How Lateral Phishing Attacks Happen and What’s Making Them So Successful

Cybersecurity is a bigger threat than ever to businesses, with cybercriminals growing ever more creative with their attacks. A new report by cloud-enabled security solutions provider Barracuda reveals that email account takeover and lateral phishing represent increasing threats to enterprise organizations.

The report, Spear Phishing: Top Threats and Trends Vol. 2 – Email Account Takeover: Defending Against Lateral Phishing, reveals the latest tactics used by cybercriminals. The in-depth report also includes critical precautions and helpful tips to enable IT professionals, cybersecurity pros, and business owners to better protect their businesses and digital assets.

Some of the key findings?

Attackers follow four primary strategies to choose target recipients of lateral phishing attacks. Additionally, in about one-third of email account takeover attacks, cybercriminals use additional deceptive behavior to make their lateral phishing emails stealthier or more convincing.

Lateral phishing is when a cybercriminal hacks one email account within an organization and then uses that email to target other users who have the same email domain.

Barracuda’s research uncovered fresh insights into how these popular attacks are evolving, along with the tactics used by cybercriminals to try to make them successful.

The report, published in conjunction with researchers from University of California, Berkeley and University of California, Davis, reveals important statistics about the prevalence and dangers of lateral phishing attacks.

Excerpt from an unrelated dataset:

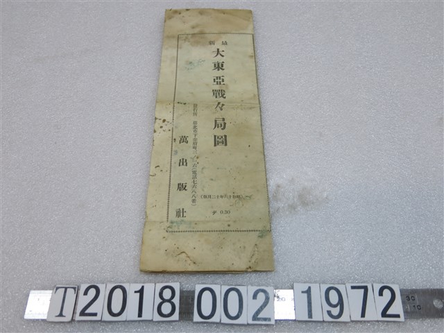1.本物件為萬出版社發行〈大東亞戰戰局圖〉,長方形紙張上畫出東亞地圖,上面標示有太平洋、南洋群島、中華民國與大日本各島,並以紅色標出日本帝國的範圍,及東亞的主要城市、海軍與航空基地,製圖十分精細與密集並畫上經緯度,主要以日文標示,地圖上方寫有最新大東亞戰タ局圖,最下方寫有印製日期、印刷所「寶文社」與發行所「萬出版社」,以及定價金,地圖左編印有「集集信用販賣購買利用組合 贈」,整個物件有明顯的污漬與破損痕跡。2.大東亞戰爭是日本對第二次世界大戰時在遠東和太平洋戰場的戰爭總稱。其目的是為建立以日本為中心的「大東亞共榮圈」,解放受英國、美國、荷蘭殖民的東亞人民及殖民地。這個名稱是在1941年12月12日確定的,其意義為「為大東亞新秩序建設而進行的戰爭」。這一詞在日本戰敗後被駐日盟軍總司令部視為「戰時用語」而禁止使用,如今日本多使用「太平洋戰爭」和「十五年戰爭」兩詞來表示這一時期日本對美英,對東亞和東南亞各國發動的戰爭。

• 1 in 7 businesses experienced lateral phishing attacks in a seven-month period, based on a random sample of enterprise organizations.
• More than 60% of organizations that were attacked experienced multiple incidents.
• About 11% of attacks managed to successfully compromise additional employee accounts.
• 42% of the lateral phishing incidents weren’t reported to the organization’s IT or security team.
• More than 55% of the lateral phishing attacks targeted recipients with some personal or work relationship to the hijacked email account.
• 37% of lateral phishing attacks used tailored content that was enterprise-oriented or highly specific to the victim’s organization.

The report takes an in-depth look at how compromised email accounts are being used to launch targeted lateral phishing attacks designed to evade many existing email protection systems. The reports also reveal the advanced detection techniques, security awareness training, and other strategies and solutions businesses are using to prevent attacks.